We believe that, when executed strategically and attentively, influencer marketing is still a premier way to build a well-known and respected brand in the crypto space - and 89% of marketers agree. We will execute the influencer marketing strategy by inviting a select few to become Blank’s Brand Ambassadors - the long-lasting partners raising awareness about our news and initiatives.
Besides directly impacting the user growth, Blank expects influencer marketing to help instill trust in the product by associating our brand with that of respected opinion leaders in the community. This is why choosing the right-minded people to work with coupled with supreme reputation is crucial when choosing our influencer partners. After all, failure to do so may have detrimental effects and make the platform less trustworthy to join.
For instance, cryptocurrency derivatives exchange ByBit is known for their successful influencer marketing campaign. Out of 7.49% of traffic that came from social channels, 80% is attributed to Youtube, where most of it is likely influencer marketing or strong affiliate partners.
Thus, by associating their personal brand with that of ours, influencers will become brand ambassadors and a valuable asset for Blank long-term. Such a relationship would enable us to not only benefit from influencer referrals, but also gain the trust of the targeted audience we want to reach.
The Community Angels will be used to further spread the word about Blank across social media, forums, and discussion channels.
Angels will act as an extension of our team in the community and take on several responsibilities. For example, they will answer questions of Blank’s users on major forums, explain the new features or updates on their social media accounts or administer official Blank’s social media groups. As a compensation for their time and effort, Community Angels will receive BLANK tokens as a fixed fee.
We are aware of the potential risks posed by such a program - lack of defined role, criteria of representatives and excessive behavior or spam. To prevent these risks with the Blank Community Angels, we will carefully monitor their activities to be in line with our values and run audits periodically to ensure all rules are adhered to. There will also be an opportunity to report any misuse of the Angel’s perks directly to us.
To further cement Blank as a go-to privacy transaction partner, we will explore unconventional ways to grow our user base. Blank’s Reward System will include a mixture of incentive programs, crypto airdrops, and giveaways for those inviting users.

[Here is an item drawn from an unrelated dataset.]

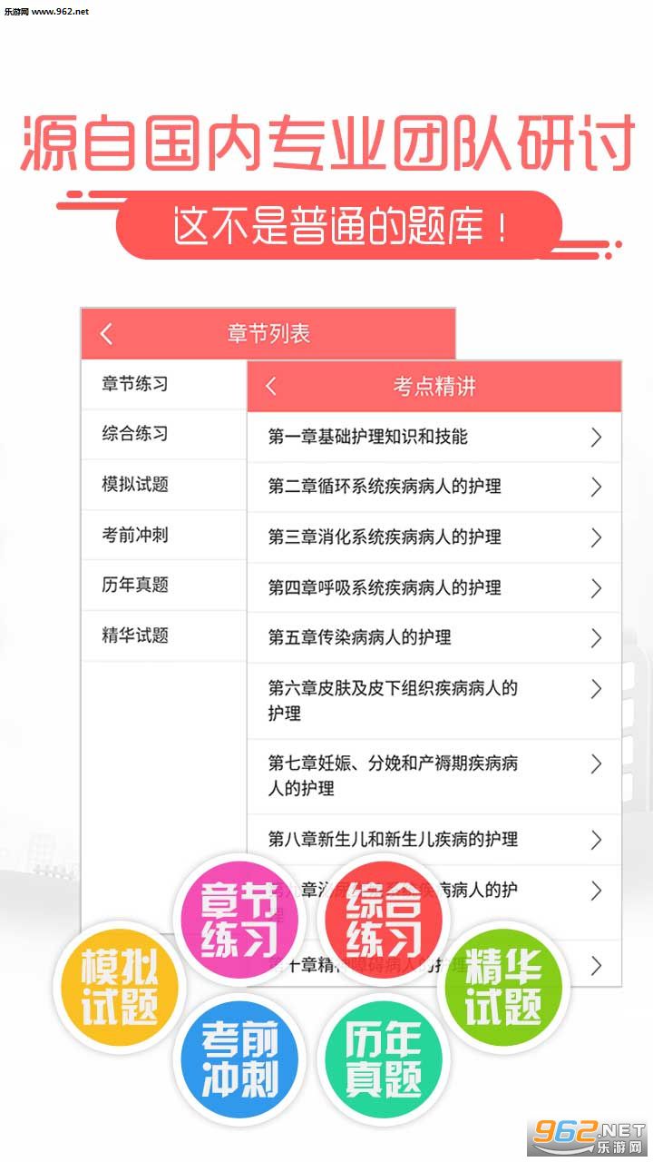 适用于护理学(护师)考试,软件试题库设计紧扣最新护理学(护师)考试大纲、考试教材,符合护理学(护师)考试考试题型与考试科目,复习辅导资料、考试资料丰富,免费试用、试题库巨大(注册版试题量达1万3千多题),辅导软件收录护理学(护师)考试章节练习、综合练习、模拟试题、考前冲刺、历年真题

As discussed, we put user growth near the top of our priority list as it directly improves the functionality and privacy using smart contracts. Thus, to maximize the incentives to refer others to join Blank, existing wallet users will be rewarded from the sign-up of their referred new users.
With the of know-your-customer (KYC) and anti-money laundering (AML) trends in the banking industry somewhat starting to be reflected in the regulation of cryptocurrencies in areas that are sometimes unnecessary, users are exposed to look for alternative ways to preserve unconditional privacy. In the quest to retain anonymity, privacy, and security, it is important to understand that typical wallets are challenged at best to protect one’s wealth and data against third parties. Naturally, there is an increasing demand for privacy-oriented wallets to defend against transactions being followed by bad actors.
The growing sentiment regarding privacy was also reiterated with the boom of DeFi applications in the summer of 2020. As the majority of DeFi platforms were built on Ethereum, the graph below shows how the launch of 4 DeFi tokens - YFI, YAM, SUSHI, and UNI - corresponded to the Ethereum smart contract calls.
Clearly, both the public’s shift towards privacy-based solutions and the rise of DeFi are reflective of the favourable conditions for the Blank wallet. We rather conservatively estimate the Total Addressable Market of $3.03B as of Q1 2021 and expect the growth of the market to continue over the next 3-5 years. The next sections will provide an overview of our competitors and potential opportunities for growth and expansion.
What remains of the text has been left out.